Activity: Your output should be the complete listing, word for word, with no pictures in it.

Excerpted records:

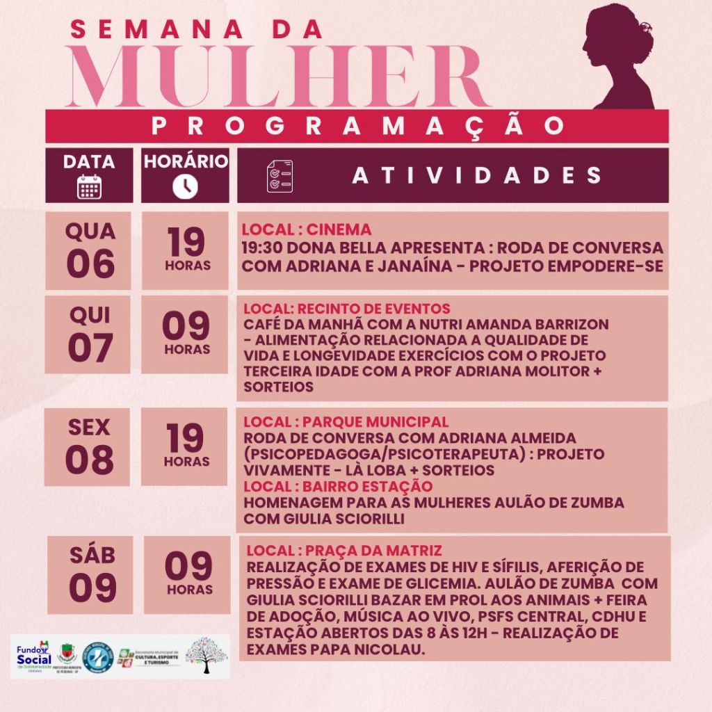Nessa semana, de 06 a 09 de Março, nossa cidade terá uma programação especial recheada de ações para nossas mulheres!
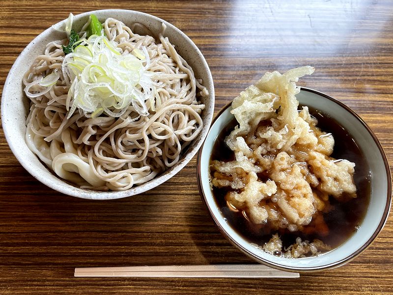 それがこの、(冷やし)ミックス。冷やし(ひたし)自体、栃木県北の一部にしかないローカルメニューですが、更にそのうちの一部のお店は、その冷やし(ひたし)でソバとウドンの合盛りを提供していて、そのすべてが、私が知る限り「ミックス」という名前になっているんですよね。
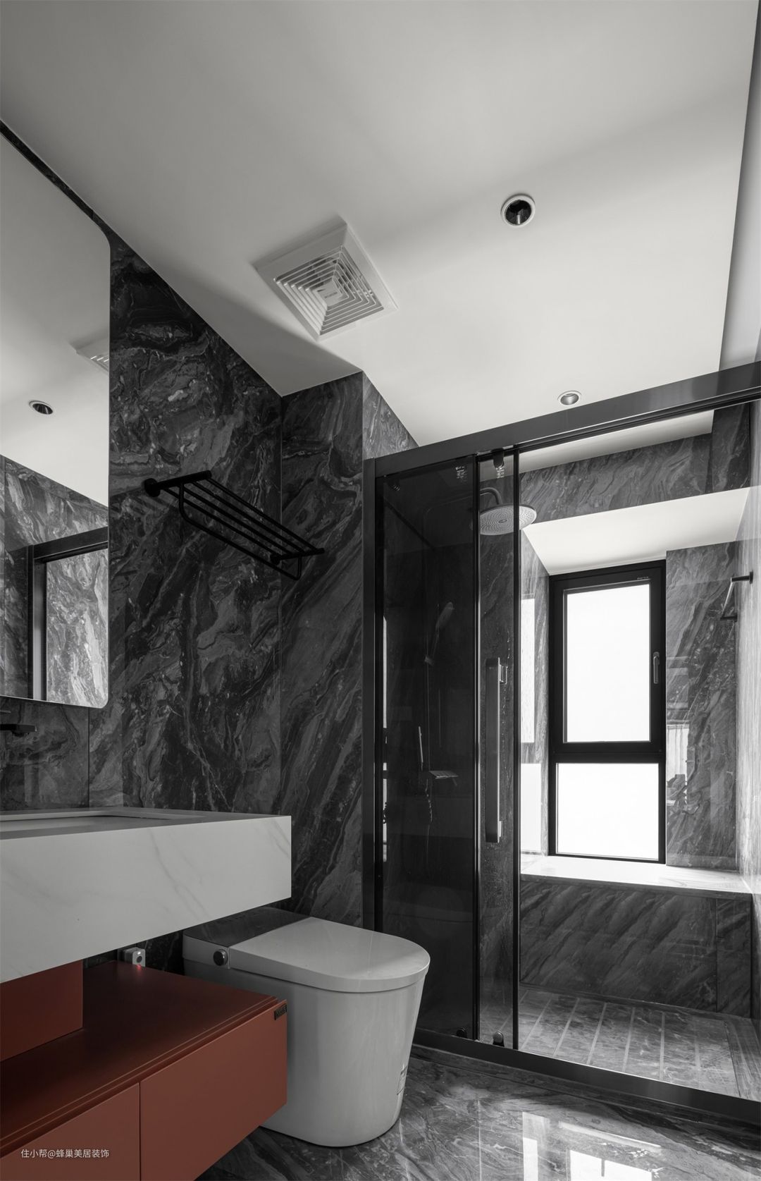 卫生间光滑质感黑色墙地砖和温暖饰面的浴室柜,共同奠定了卫生间干净通透的基调。
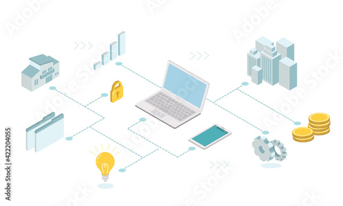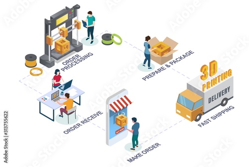 Векторная изометрическая иллюстрация процесса 3d-печати онлайн. Этапы получения и обработки заказов, упаковки и доставки онлайн-сервисов аддитивного производства.
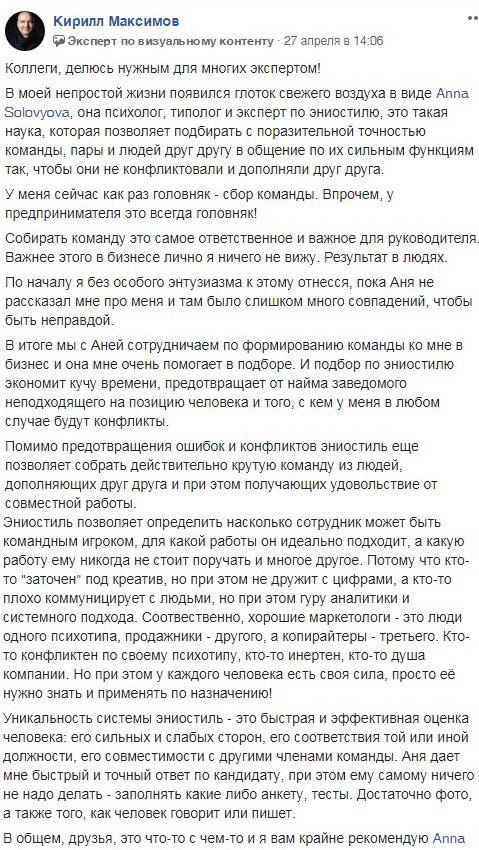 Я сертифицированный тренер эниостиля и типолог. В свое время я заинтересовалась психологией и, затем, эниостилем совсем не по причине подбора команд, а просто, чтобы лучше понимать себя. Увидев работу эниостиля на себе и своем окружении я начала помогать другим.
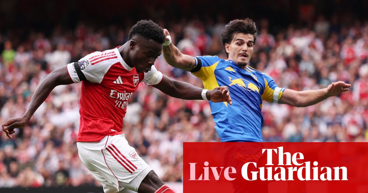 10 min: Arsenal waste another free kick, Odegaard witlessly hoofing it into a crowded box. But the hosts come again. First Calafiori flops over near James, and cheekily claims a penalty. He doesn’t get it. Rice then crosses from the left, but Saka can’t meet it with his head. Leeds finally clear their lines.
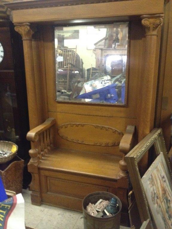 ANTIQUE OAK MIRRORED HALL SEAT FROM EARLY CLOTHING STORE IN LINCOLN NEBRASKA. CALL, TEXT, OR E-MAIL FOR MORE INFORMATION

Output below:
Nessa semana, de 06 a 09 de Março, nossa cidade terá uma programação especial recheada de ações para nossas mulheres!
 それがこの、(冷やし)ミックス。冷やし(ひたし)自体、栃木県北の一部にしかないローカルメニューですが、更にそのうちの一部のお店は、その冷やし(ひたし)でソバとウドンの合盛りを提供していて、そのすべてが、私が知る限り「ミックス」という名前になっているんですよね。
 卫生间光滑质感黑色墙地砖和温暖饰面的浴室柜,共同奠定了卫生间干净通透的基调。
 Векторная изометрическая иллюстрация процесса 3d-печати онлайн. Этапы получения и обработки заказов, упаковки и доставки онлайн-сервисов аддитивного производства.
 Я сертифицированный тренер эниостиля и типолог. В свое время я заинтересовалась психологией и, затем, эниостилем совсем не по причине подбора команд, а просто, чтобы лучше понимать себя. Увидев работу эниостиля на себе и своем окружении я начала помогать другим.
 10 min: Arsenal waste another free kick, Odegaard witlessly hoofing it into a crowded box. But the hosts come again. First Calafiori flops over near James, and cheekily claims a penalty. He doesn’t get it. Rice then crosses from the left, but Saka can’t meet it with his head. Leeds finally clear their lines.
 ANTIQUE OAK MIRRORED HALL SEAT FROM EARLY CLOTHING STORE IN LINCOLN NEBRASKA. CALL, TEXT, OR E-MAIL FOR MORE INFORMATION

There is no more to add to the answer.